Last year, students at the Colorado School of Mines voted to name their athletic facility “the Mine Shaft”.
Unfortunately for the overwhelming majority of students, some SJW got triggered from the name, and appealed to have the name removed.
The student wrote an email to administrators claiming the name “supports rape culture”.
Administrators were quick to appease the student.
From HeatStreet:
“The idea behind the name, at least from the students perspective, was that the students could tell the opposing team they had been ‘shafted,’” the student wrote. In making her complaint, the student used another racially loaded term (and some misspellings) in an email to administrators: “The most common definition of the word means to get jipped out of a deal, which doesn’t make since [sic] for us to be telling another team. But the other and most disturbing definition is to be raped. Bottom line, I think the name supports rape culture.

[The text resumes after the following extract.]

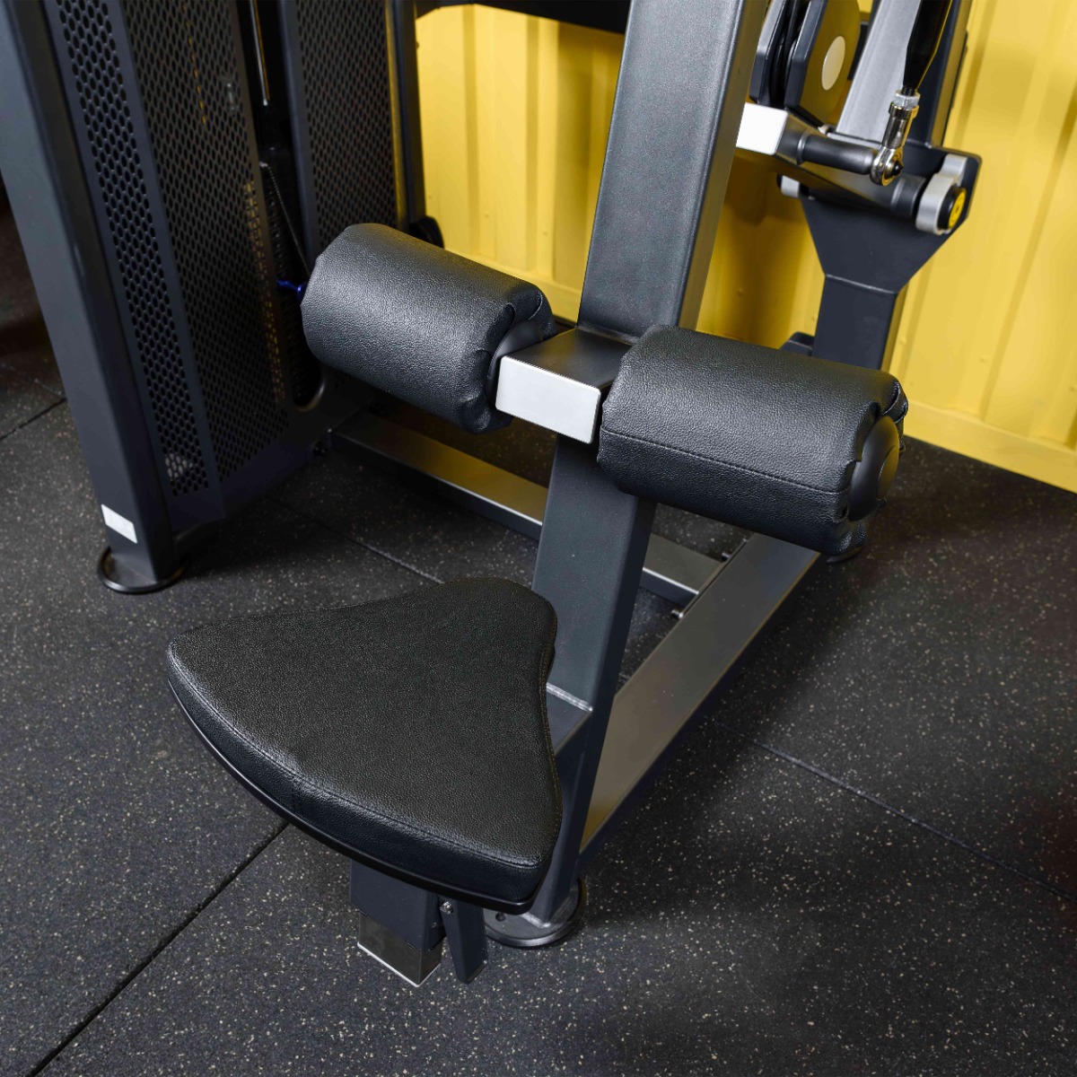 Металлическая, перфорированная защита весового стека с обеих сторон, выполнена из листового метала толщиной 2мм, с ребрами жесткости у основания, примыкает к несущей раме через скрытое болтовое соединение сечением 6мм в 8 точках, что повышает эстетические и эксплуатационные параметры тренажера.

If Mines is truly trying to diversify the campus maybe they should not have the student section have such aphalic [sic] name.”

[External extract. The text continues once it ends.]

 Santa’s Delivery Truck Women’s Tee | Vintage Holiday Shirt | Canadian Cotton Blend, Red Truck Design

Administrators sprung into action after receiving the student’s complaint.
Katie Schmalzel, assistant director of housing operations, took the complaint so seriously that she forwarded it to the university’s Title IX coordinator. “I agree with [pronoun redacted] about the name being inappropriate, and goes against everything our work stands for,” she wrote.
Debra Lasich, the associate vice president for diversity and inclusion, linked to an urban dictionary page for “shafted,” adding, “most of the urban definitions don’t support their rationale.”
Nonetheless, Lasich wrote to the Title IX coordinator, “I agree with you that this needs to be addressed, and I’m concerned that that [sic] student life and the athletic department didn’t put parameters around naming the student section.”
Eventually, the Title IX coordinator lined up a meeting with the vice president of student life, who agreed to nix the name altogether to avoid giving offense.